Joan & Joni Vs The Fashion World

Joan & Joni Vs The Fashion World


Gays love talented broads. And why shouldn't we celebrate aging women with attitude?

This month, two luxury fashion houses released new ad campaigns with major icons as the new face of the brands. No, we are NOT discussing the Justin Bieber/Calvin Klein fiasco (which I'm choosing to pretend never happened), but instead two women's brands who have chosen Joan Didion and Joni Mitchell for their campaigns.
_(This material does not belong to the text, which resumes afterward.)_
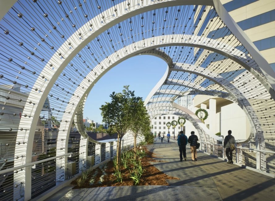 На самом базовом уровне, 180-метровый Радужный Мост на площадке LBCEC в Калифорнии – просто короткий путь, построенный для того, чтобы сократить на несколько минут время, необходимое, чтобы добраться с одной стороны кампуса конференц-центра до другой.

Iconic singer/songwriter Joni Mitchell dons 1970s-inspired clothes for Saint Laurent, while prolific writer Joan Didion sports super simple chic with a pair of oversized shades for Celine. But why should we care? The Internet has been in a tizzy over it all asking if this is a reflection of our views on aging, or even if these two women (both known for marching to the beat of their own drums) have "sold out" to sell high-end luxury clothing. Actually, I think that the rest of the world is finally catching on to something gay men have known all along: Grandes Dames are pretty badass. Gay men have long had love affairs with aging beauties both real and fictitious: Norma Desmond, Bette Davis, Miss Daisy, Liz Taylor, Carol Channing, Liza Minnelli, et. al, etc., ad infinitum, ad naseum -- the list truly could go on forever.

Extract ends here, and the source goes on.